Lucrecia no me contradijo. Cuando su jadeante padre regresó, le dijo:
– Necesito un contingente de por lo menos dieciséis guardias armados en la entrada de estas habitaciones a todas horas.
– ¿No creerás…? -comenzó su padre.
Ella lo miró con frialdad, su expresión mostraba que sin duda sí creía.
– ¡Los quiero!
– Muy bien -aceptó Alejandro, con voz apagada; quizá por el sentimiento de culpabilidad al ver el dolor que había permitido que César causara a Lucrecia. Por primera vez, el Papa demostró públicamente lo cobarde que era: su inconstancia no era tanto el resultado de las intrigas políticas como la consecuencia de que sus consejeros y sus hijos tiraran de él.
Muy pronto nos vimos rodeadas en nuestro santuario por los embajadores de Nápoles y España, el médico del Papa y el cirujano, los sirvientes de Alfonso y los míos, junto con un pelotón de guardias armados. Insistí en que trajesen un colchón; no me alejaría de Alfonso ni un instante, ni tampoco Lucrecia. También pedí un puchero para la chimenea. Conociendo la existencia de la canterella, tenía la intención de preparar todas las comidas de mi hermano con mis propias manos.

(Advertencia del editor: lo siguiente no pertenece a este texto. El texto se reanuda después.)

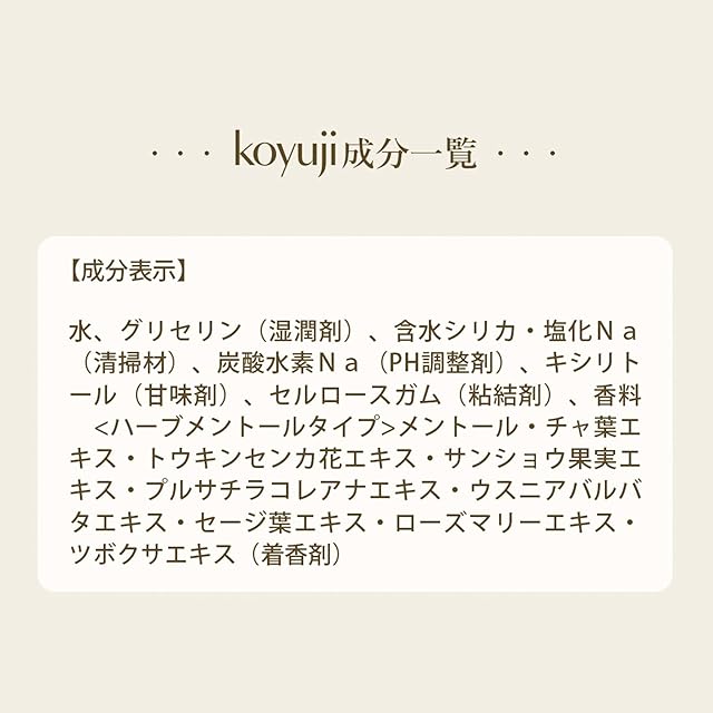 【KOYUJIの特長】 ●ミネラルをたっぷり含んだ松塩を使い、食品レベルの安全性 毎日のケアで安心してお使いいただけるように、化学成分は最小限にしました。食品レベルの安全性ですので、 万が一飲み込んでも安心です。 石油由来の成分や界面活性剤・研磨剤などは含まず、天然由来の成分で歯の汚れを落とし口腔内の健康を保ちます。 Koyujiの研磨剤の正体は、松塩の名前のとおり塩の粒。 硬い研磨剤の場合、強く磨きすぎると歯を傷つけてしまうこともありますが、塩の研磨剤は水溶性なので、 口腔内で溶けていきます。 刺激が少ないため、口に含むことに抵抗なくご使用いただける、健康と歯茎に優しい歯みがき剤です。 使用成分表より ●含水シリカ シリカは多孔質で、汚れや匂いを化学的に吸着する作用が有る。 また、微粉末シリカは、エナメル質を傷つけずコーティングし、優しく汚れを落とす効果があります。 ●炭酸水素Na 「重曹」として食品にも使用。重曹は歯磨きに使用すると歯の汚れを落とす効果が有ります。
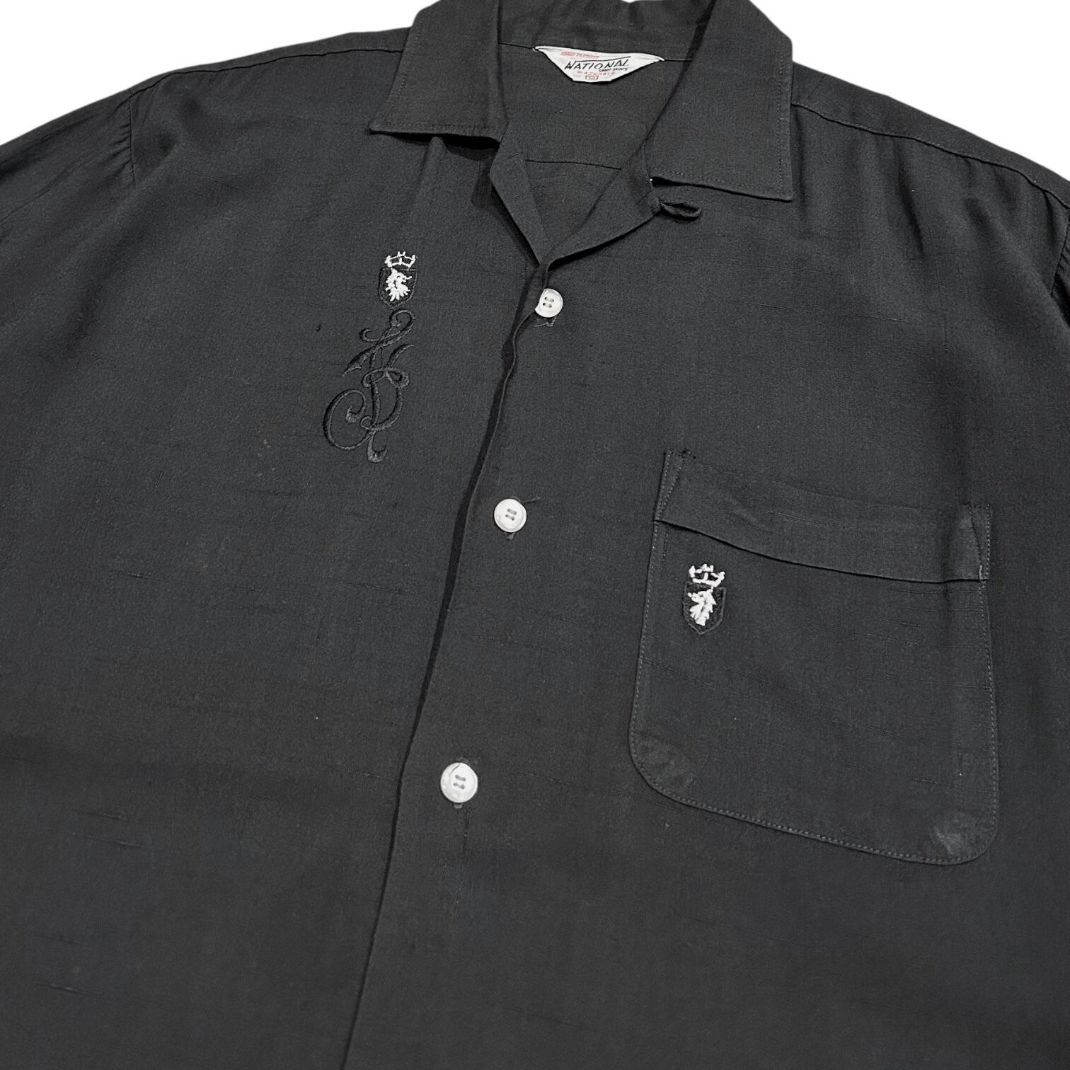 60's National Open Collar Shirt "Black Rayon" M / ナショナル オープンカラーシャツ ブラック レーヨン 開襟 古着 ヴィンテージ

Varias horas más tarde, Alfonso volvió en sí el tiempo suficiente para decir los nombres de los hombres que le habían acompañado cuando se produjo el ataque; su escudero, Miguelito, y un caballero, Tomaso Albanese.
Lucrecia llamó a los dos hombres de inmediato.
Albanese todavía estaba siendo atendido por el cirujano y no se podía mover, pero Miguelito, el escudero, acudió casi al instante.
El escudero preferido de Alfonso todavía era un mozo, pero era alto y musculoso. Tenía el hombro vendado y el brazo derecho en cabestrillo. Se disculpó por no haber acudido antes a interesarse por su amo, pero la palidez y la debilidad dejaron claro que sus propias heridas eran graves. En realidad, se tambaleaba tanto que insistimos en que se sentara; se apoyó en el respaldo de la silla con un suspiro de agradecimiento y descansó la cabeza contra la pared.
Lucrecia mandó que le sirviesen una copa de vino; él la bebió a sorbos mientras nos hacía el relato que ella y yo insistimos en escuchar.